Mom was silent. She was just sitting there, looking at her hands folded on the table.
"You tired, Mom?" Peter said. "Do you want to go home?"
"No," she said, straightening up. "I want to talk with Bill."
"Okay," Peter said, smiling. "I just don't want you to get tired."
"When Rocky ten, eleven year old," she said, "he come home from school. I used to make my own bread. He look, and I said, 'What you look?' He said, 'You work all the time.' I say, 'Why don't you help? Wash the dish.' So he took the cloth and he go like this. He make one slap with it and put it down, and I said,'What you do?' He said, 'You got the daughter. When they come home from school, let them wash the dish.'
"Then he say, 'What be your wish if I make a lot of money?' I say, 'Rocky, we got nice home, not big but clean.' He say, 'What you like if I make a lot of money? What? You see my arm? I got a lot of strength in my arm. I make a lot of money. What you like to do?' I said, 'I like to travel when my family grow up.' Then he become champ, a big shot, and he send me to Italy."
"I remember that," I said. "You and Pop went over, and it was a great disappointment.

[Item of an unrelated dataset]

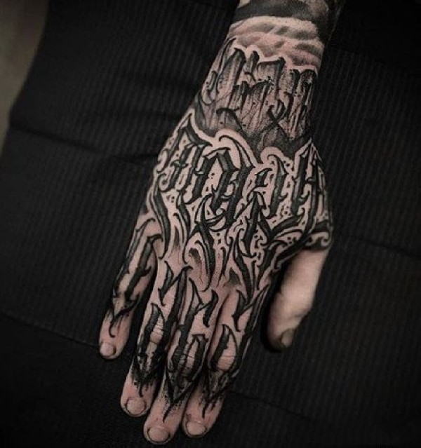 几张深黑色的奇卡诺花体字创意设计纹身图案

You went to Pop's town and everybody wanted money, so you never went to your town."
"Rocky, he give me three, four thousand dollar," she said, nodding. "We should stay three month, but we stay twenty-one days. Too much sadness there. Everybody expect, expect."
"That saddened Rocky, too," I said. "A heavyweight champion is
the one athlete who is known and looked up to all over the world, and in Italy, where his parents came from, they wanted money."
"Not everybody want," she said. "We got letter—I threw away now—from Japan, everywhere. They write, 'He's unusual boy. We don't write you because he big shot, but because of what he is. Some people they champ, but nothing else, but that's why we write you, the mother and the father.' "
"And I'm sure," I said, "that letters like that made you and Pop proud."
"Then everywhere he go," she said, "Rocky he leave things. I get package from Waldorf Astoria. Shoes, shirt. I used to thought it was something for me. I say to him, 'I used to teach you, you not like that.' He said, 'When I young boy you used to teach me to try this, do that. But now I got to be the real Rocky. That's why they call me that.' Some people they honest. They send you, and they say, 'Rocky was in this room.' Some people they take."
"It's so odd," Linda said, "how Rocky wanted to make it big since he was a small child. Others would dress to it, but not him."